Exercise input
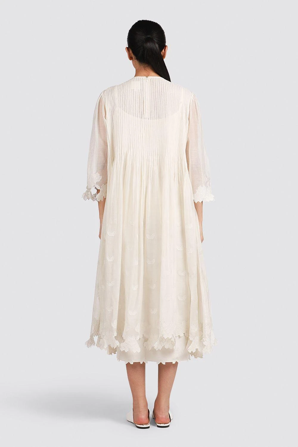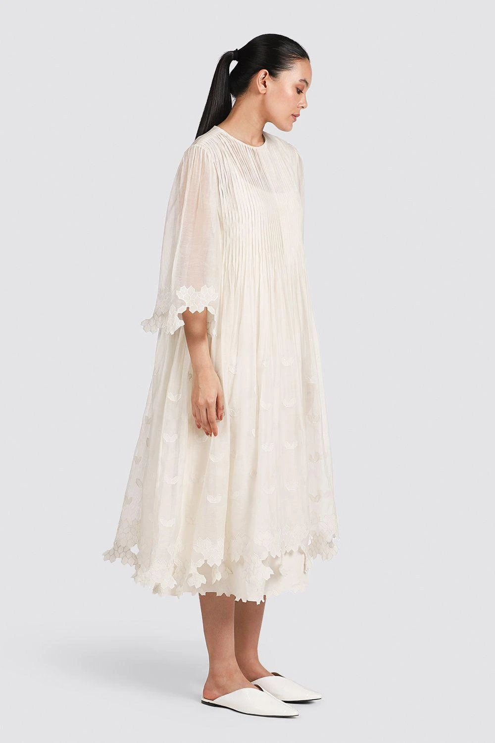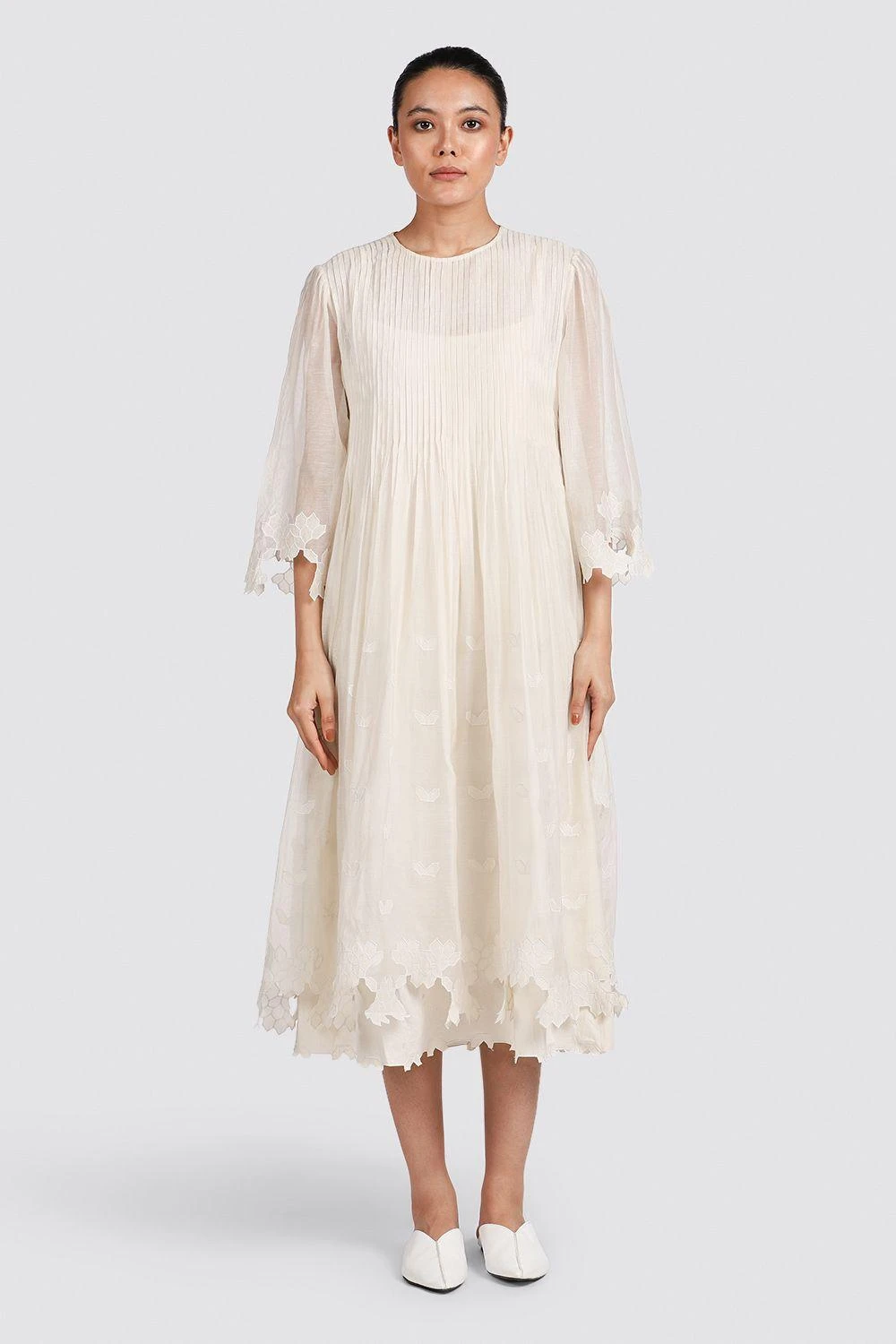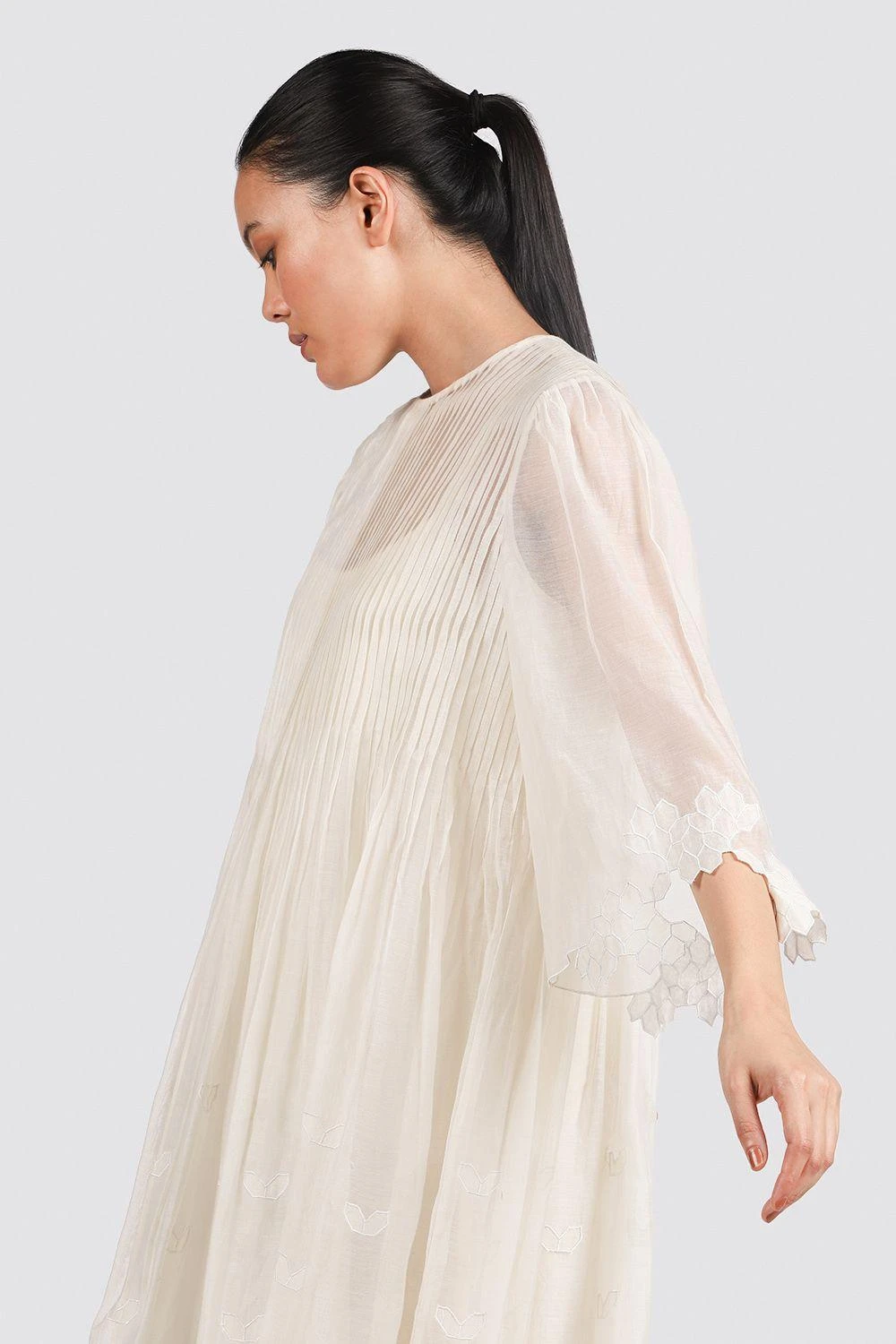 This pleated calf length ivory dress with cutwork on the sleeve edges and hem is fresh, pretty & comfortable for a long summer day. Wear it with fun tie-up gladiator sandals.
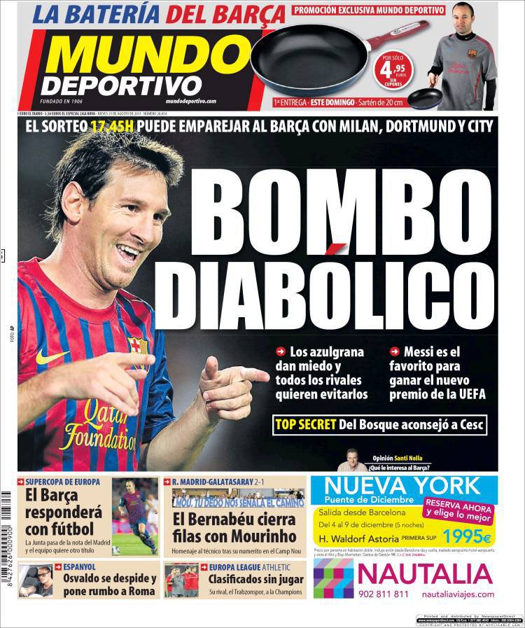 MUNDO DEPORTIVO BARCELLONA – Sul quotidiano Mundo Deportivo si parla del sorteggio di Champions League che si effettuerà oggi pomeriggio alle ore 17.45. Il Barcellona potrebbe incontrare squadre importanti.
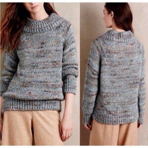 Anthropologie MOTH Sweater Blue Specks M Medium Thick Collared Alpaca Blend
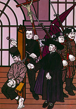 Liburuan lehelengo hiru larenak, baiqa, harrittu egin nabe. Estruktura intelijentia, engaqadoria, ariqa, eta era berian sakona, interesantia eta didaktikua. Ondo idatzitta egon bihar, halako liburu lodixa irakorriko bada. Nabarmena dok estruktura zinematografikua, (idazliak pelikula asko ikusi edo gidoiak idatzi izan dittu, seguru) eta beraz gaur egungo irakorliari gauzak erreztu egitten detza horrek. Gaiqera, hainbeste gorroto doten anakronismuak (!ai, Martinez de Lezea!) ez dittuk asko agertzen, eta benetan erreala jirudik erdi aroko rekreaziquak. Baiqa amaieran... (!ai, amaierak!) Otto Pette liburuan legez, idazliari amaitzeko halako kakalarri bat sartzen jako, eta aurreko ehundaka pajiqetan zihar pazientziaz eraikittko jokuak eta entrelazamenduak !brast! bat-batian eta nahikua era zazkarrian resolbitzen dira, errezkerixan jausitta.
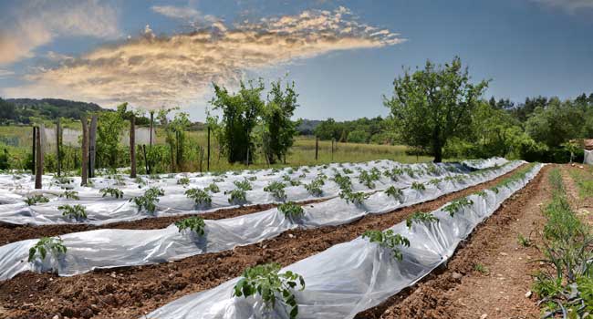 If you have clay soil that holds water and nutrients, use a mulch that improves drainage and aeration, such as plastic or gravel.

Work instructions
Reproduce each line of the records exactly, and omit every picture.

Response to this task
 This pleated calf length ivory dress with cutwork on the sleeve edges and hem is fresh, pretty & comfortable for a long summer day. Wear it with fun tie-up gladiator sandals.
 MUNDO DEPORTIVO BARCELLONA – Sul quotidiano Mundo Deportivo si parla del sorteggio di Champions League che si effettuerà oggi pomeriggio alle ore 17.45. Il Barcellona potrebbe incontrare squadre importanti.
 Anthropologie MOTH Sweater Blue Specks M Medium Thick Collared Alpaca Blend
 Liburuan lehelengo hiru larenak, baiqa, harrittu egin nabe. Estruktura intelijentia, engaqadoria, ariqa, eta era berian sakona, interesantia eta didaktikua. Ondo idatzitta egon bihar, halako liburu lodixa irakorriko bada. Nabarmena dok estruktura zinematografikua, (idazliak pelikula asko ikusi edo gidoiak idatzi izan dittu, seguru) eta beraz gaur egungo irakorliari gauzak erreztu egitten detza horrek. Gaiqera, hainbeste gorroto doten anakronismuak (!ai, Martinez de Lezea!) ez dittuk asko agertzen, eta benetan erreala jirudik erdi aroko rekreaziquak. Baiqa amaieran... (!ai, amaierak!) Otto Pette liburuan legez, idazliari amaitzeko halako kakalarri bat sartzen jako, eta aurreko ehundaka pajiqetan zihar pazientziaz eraikittko jokuak eta entrelazamenduak !brast! bat-batian eta nahikua era zazkarrian resolbitzen dira, errezkerixan jausitta.
 If you have clay soil that holds water and nutrients, use a mulch that improves drainage and aeration, such as plastic or gravel.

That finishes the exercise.